**Task directions**
Having located "And these comparisons", write out its line and the remaining lines of the material exactly, the last one included, but not the pictures.

(The data begins)

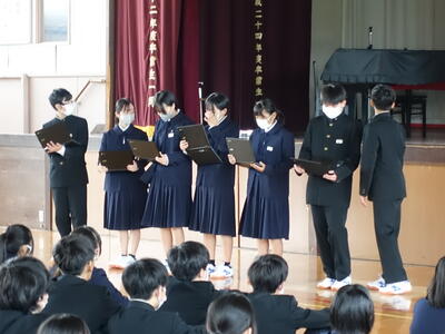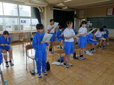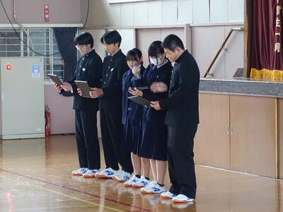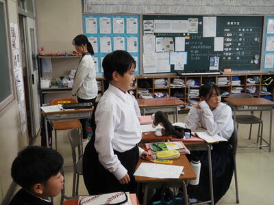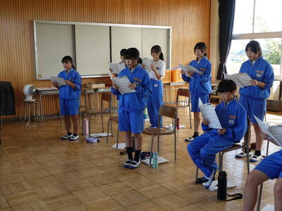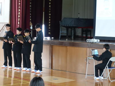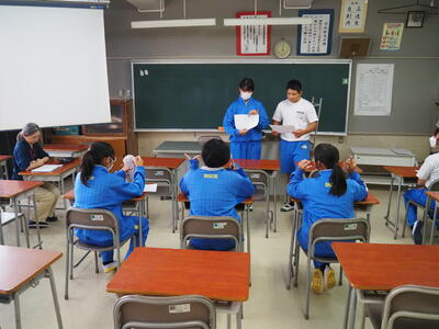 3年の鈴木利徠翔さん、2年秋山愛菜さんが発表しました。
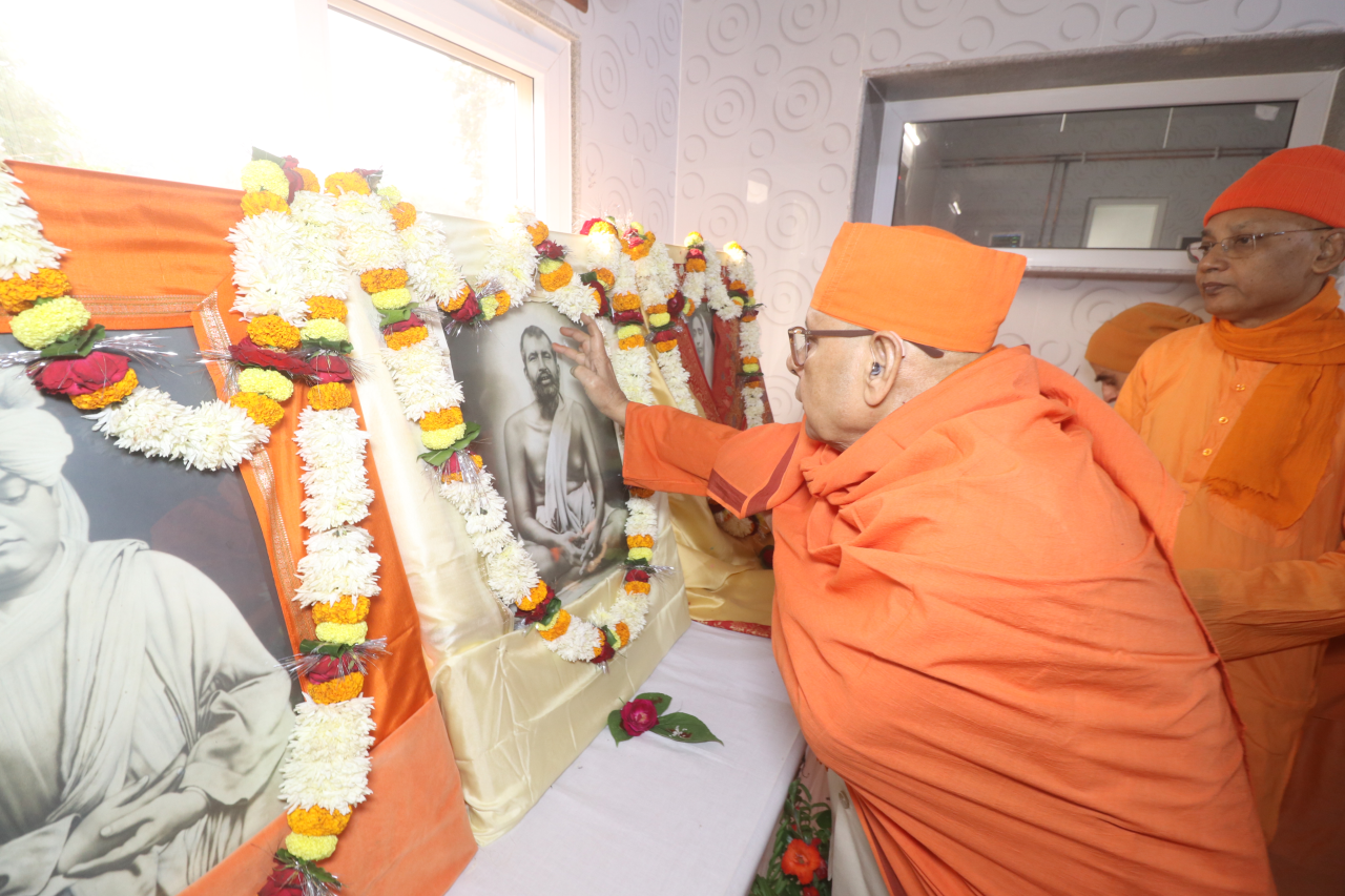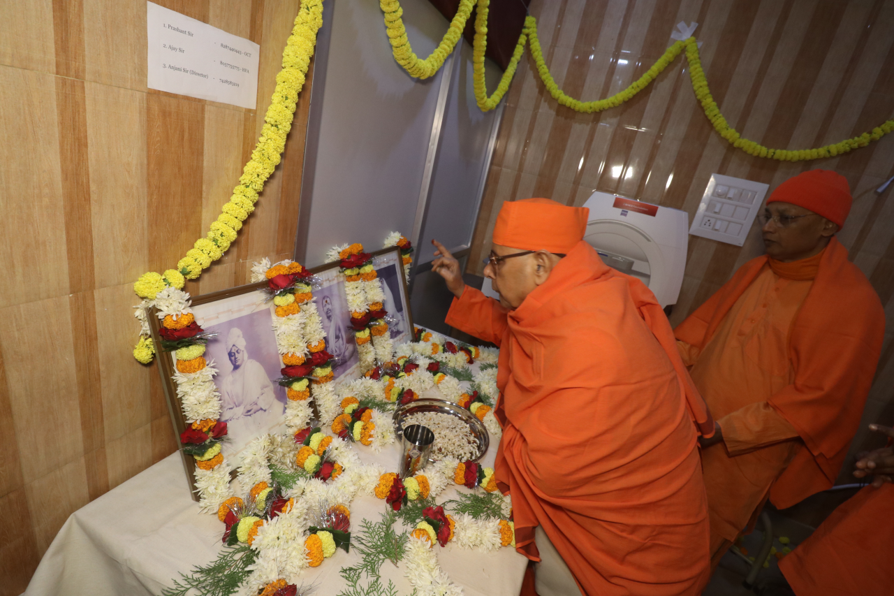 On 22-01-2023 Swami Vivekananda's Birth Anniversary Celebration was held in Sevashrama with special puja at Swamiji's temple and Rogi Narayan Puja in the Hospital. All the inpatients were ceremoniously worshipped and distributed Woollen Shawls, Books on Swamiji, Fruits etc. Hospital Wards were decorated by the respective departmental staff uniquely and various cultural programmes, tableaus, models were presented by them. Lunch Prasad was served to doctors, well-wishers and others. About 3,500 people took Prasad.
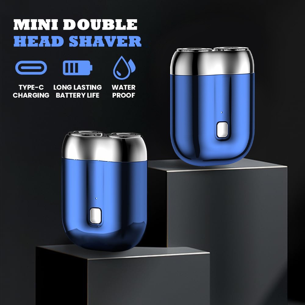 Mini Dual-Head Electric Shaver Waterproof USB Rechargeable Portable Tool, Blue
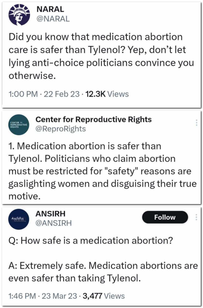 And these comparisons are all for acetaminophen toxicity, meaning people taking way more Tylenol than they are supposed to, compared to people taking the abortion pills as recommended.
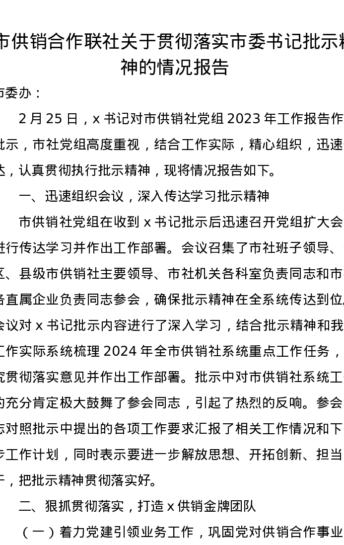 市供销合作联社关于贯彻落实市委书记批示精神的情况报告
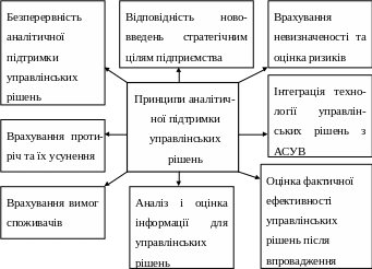 Основні вимоги, правила або принципи аналітичної підтримки управлінських рішень [30] надані на рисунку 9.2.
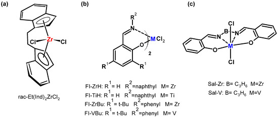 A metallocene complex (Figure 7a) and, for the first time, post-metallocene catalytic systems were applied in copolymerization of ethylene with POSS (Figure 7b,c).
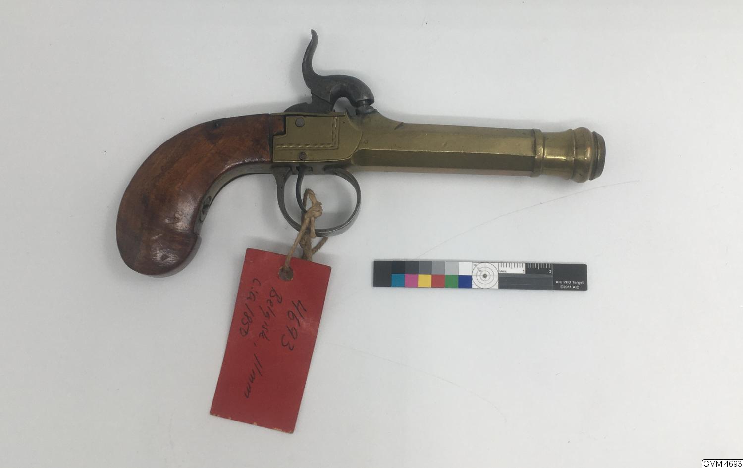 - med undantag för varbygel, hane och avtryckare som är tillverkade i järn är pipa m.m gjorda i mässing. Träkolv.
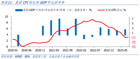 潜在经济衰退的前提是美联储继续加息并维持高利率。经济衰退也不是当前美国面临的问题,美国经济面临的依然是过热风险,而不是衰退风险。我们在年初美国经济展望中认为今年美国经济可能深度衰退,就是基于美联储持续加息来控制通胀。但也提示了紧缩不足会造成需求反弹、二次通胀的可能。3月份美国银行业危机就显露出衰退的迹象,但美联储放水救市,进而美国经济走上了紧缩不足的路径。现在美国韧性较强,通胀可能再度拐头向上,美联储可能会继续加息。
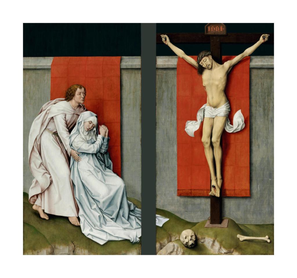 From the museum website: “To convey overwhelming depths of human emotion, Rogier located monumental forms in a shallow, austere, nocturnal space accented only by brilliant red hangings. He focused on the experience of the Virgin, her unbearable grief expressed by her swooning into the arms of John the Evangelist. The intensity of her anguish is echoed in the agitated, fluttering loincloth that moves around Christ’s motionless body as if the air itself were astir with sorrow. Rogier’s use of two panels in a diptych, rather than the more usual three found in a triptych, is rare in paintings of this period, and allowed the artist to balance the human despair at the darkest hour of the Christian faith against the promise of redemption.”

(The data ends)

**Written response**
 And these comparisons are all for acetaminophen toxicity, meaning people taking way more Tylenol than they are supposed to, compared to people taking the abortion pills as recommended.
 市供销合作联社关于贯彻落实市委书记批示精神的情况报告
 Основні вимоги, правила або принципи аналітичної підтримки управлінських рішень [30] надані на рисунку 9.2.
 A metallocene complex (Figure 7a) and, for the first time, post-metallocene catalytic systems were applied in copolymerization of ethylene with POSS (Figure 7b,c).
 - med undantag för varbygel, hane och avtryckare som är tillverkade i järn är pipa m.m gjorda i mässing. Träkolv.
 潜在经济衰退的前提是美联储继续加息并维持高利率。经济衰退也不是当前美国面临的问题,美国经济面临的依然是过热风险,而不是衰退风险。我们在年初美国经济展望中认为今年美国经济可能深度衰退,就是基于美联储持续加息来控制通胀。但也提示了紧缩不足会造成需求反弹、二次通胀的可能。3月份美国银行业危机就显露出衰退的迹象,但美联储放水救市,进而美国经济走上了紧缩不足的路径。现在美国韧性较强,通胀可能再度拐头向上,美联储可能会继续加息。
 From the museum website: “To convey overwhelming depths of human emotion, Rogier located monumental forms in a shallow, austere, nocturnal space accented only by brilliant red hangings. He focused on the experience of the Virgin, her unbearable grief expressed by her swooning into the arms of John the Evangelist. The intensity of her anguish is echoed in the agitated, fluttering loincloth that moves around Christ’s motionless body as if the air itself were astir with sorrow. Rogier’s use of two panels in a diptych, rather than the more usual three found in a triptych, is rare in paintings of this period, and allowed the artist to balance the human despair at the darkest hour of the Christian faith against the promise of redemption.”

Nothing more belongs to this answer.